May 21, 2018

Archives for 2018

Ethics Education in Data Science

Data scientists in academia and industry are increasingly recognizing the importance of integrating ethics into data science curricula. Recently, a group of faculty and students gathered at New York University before the annual FAT* conference to discuss the promises and challenges of teaching data science ethics, and to learn from one another’s experiences in the classroom. This blog post is the first of two which will summarize the discussions had at this workshop.

There is general agreement that data science ethics should be taught, but less consensus about what its goals should be or how they should be pursued. Because the field is so nascent, there is substantial room for innovative thinking about what data science ethics ought to mean. In some respects, its goal may be the creation of “future citizens” of data science who are invested in the welfare of their communities and the world, and understand the social and political role of data science therein. But there are other models, too: for example, an alternative goal is to equip aspiring data scientists with technical tools and organizational processes for doing data science work that aligns with social values (like privacy and fairness). The group worked to identify some of the biggest challenges in this field, and when possible, some ways to address these tensions.

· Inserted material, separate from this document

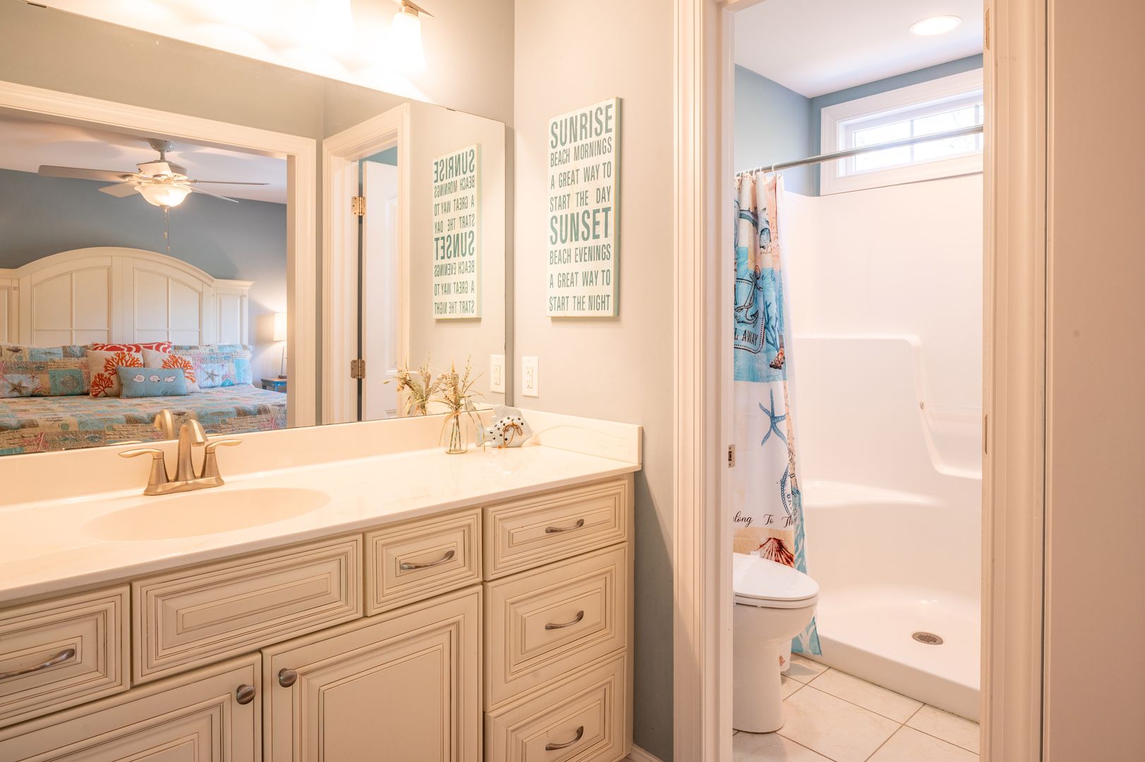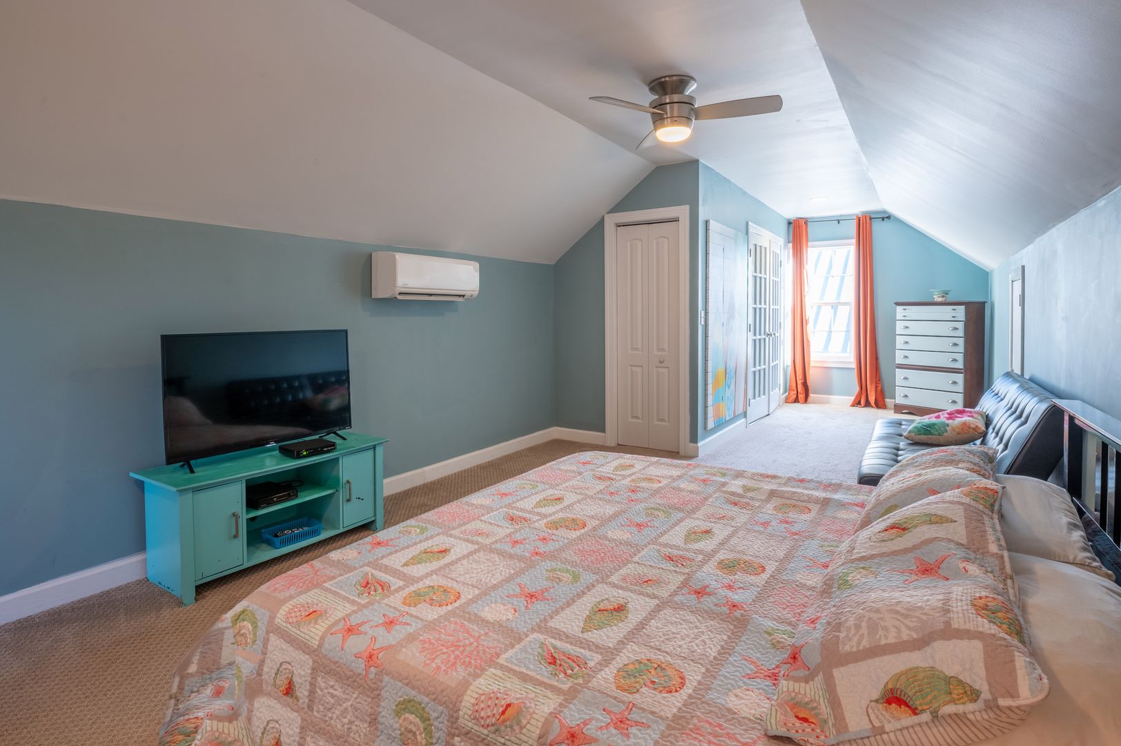 The loft dorm-style bedroom upstairs is perfect for guests to tuck away with a bathroom on that level.

One approach to data science ethics education is including a standalone ethics course in the program’s curriculum. Another option is embedding discussions of ethics into existent courses in a more integrated way. There are advantages and disadvantages to both options. Standalone ethics courses may attract a wider variety of students from different disciplines than technical classes alone, which provides potential for rich discussions. They allow professors to cover basic normative theories before diving into specific examples without having to skip the basic theories or worry that students covered them in other course modules. Independent courses about ethics do not necessarily require cooperation from multiple professors or departments, making them easier to organize. However, many worry that teaching ethics separately from technical topics may marginalize ethics and make students perceive it as unimportant. Further, standalone courses can either be elective or mandatory. If elective, they may attract a self-selecting group of students, potentially leaving out other students who could benefit from exposure to the material; mandatory ethics classes may be seen as displacing other technical training students want and need. Embedding ethics within existent CS courses may avoid some of these problems and can also elevate the discourse around ethical dilemmas by ensuring that students are well-versed in the specific technical aspects of the problems they discuss.

Beyond course structure, ethics courses can be challenging for data science faculty to teach effectively. Many students used to more technical course material are challenged by the types of learning and engagement required in ethics courses, which are often reading-heavy. And the “answers” in ethics courses are almost never clear-cut. The lack of clear answers or easily constructed rubrics can complicate grading, since both students and faculty in computer science may be used to grading based on more objective criteria. However, this problem is certainly not insurmountable – humanities departments have dealt with this for centuries, and dialogue with them may illuminate some solutions to this problem. Asking students to complete frequent but short assignments rather than occasional long ones may make grading easier, and also encourages students to think about ethical issues on a more regular basis.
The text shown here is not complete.